Surprise, Surprise – Government Short Sale Programs Continue to Flop

Anyone who’s followed the Art of Short Sales for any period of time knows that we have not been a huge fan of the HAFA, HAMP, and other government programs designed to ease the short sale process.

This week’s CNN article by Diana Olick continues to prove that over a year after its inception, the program continues to draw poor numbers.

HAFA provides financial incentives for servicers and borrowers to do short sales (selling the property for less than the value of the mortgage) and deeds in lieu of foreclosure (basically just giving the property back to the bank). The program launched in April of 2010 and was later streamlined in December, 2010, based on feedback from mortgage servicers, real estate agents and homeowners.

So far, HAFA has completed 7,113 short sales or DIL’s. In April, however, HAFA saw 1,666 completed, up 74 percent from the 959 done in March.

The government is touting this is a huge success – “a 74% growth!” – but as Diana points out, a 74% growth of nothing is still pretty close to nothing.

According to the article, JP Morgan Chase alone does close to 5,000 short sales a month -and that’s just one bank.
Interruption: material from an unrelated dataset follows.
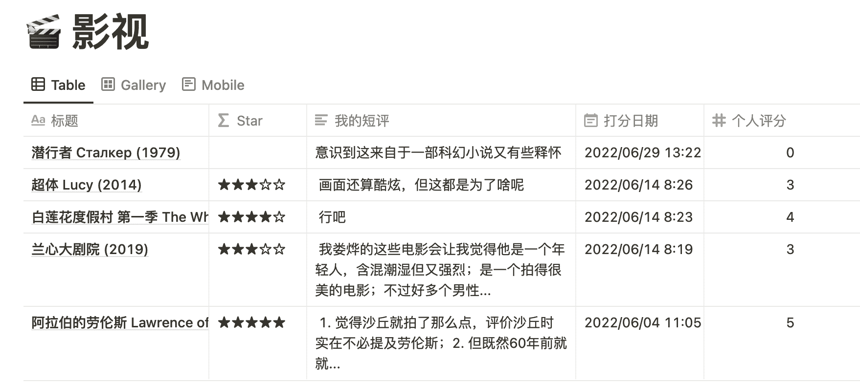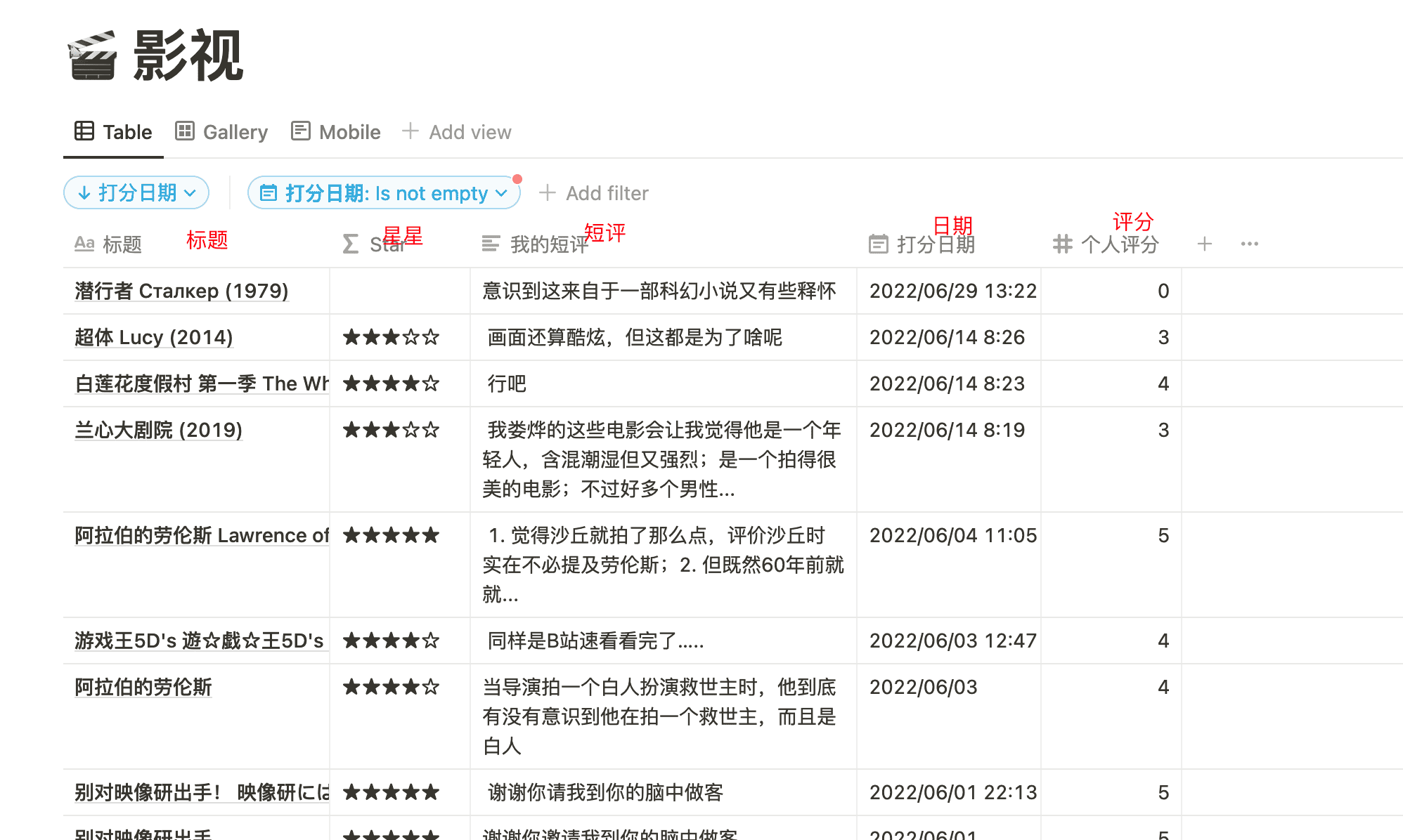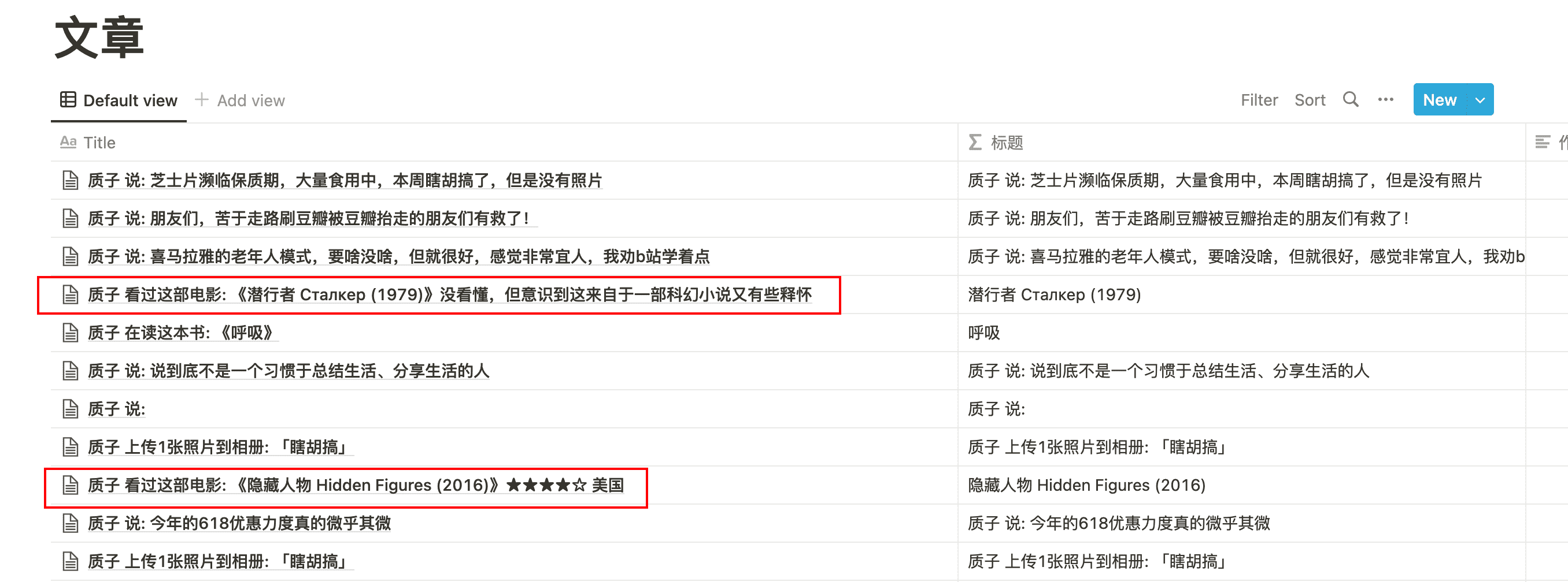 从豆瓣用插件导出,放到 Notion 中的 Page 长这样(以后我都叫它标记 Page),所以我们目前的目标就是为了让两者适配,也就是有着同样的格式

The expectation is that the top few banks are likely doing in excess of over 20,000 short sales a month – in that light, HAFA is still producing inconsequential results.

Similarily to what we’ve said here, HAFA’s targeted audience limits the exposure it could potentially have.

“HAFA is a taxpayer funded program, so it has eligibility requirements targeted at a certain segment of the population,” says Risotto, noting that the program is for owner occupants who can demonstrate financial hardship and whose first mortgage is less than $729,750. “HAFA is not meant to be for every person looking to do a short sale,” she adds.

That knocks out investors, jumbo loans and borrowers who don’t meet the “hardship” requirements of the Treasury. The big banks are likely more lenient on that last one, again knowing that a short sales will be cheaper in the end than a foreclosure.

What are your thoughts? Had any success with HAFA? Post in the comments and let us know about it!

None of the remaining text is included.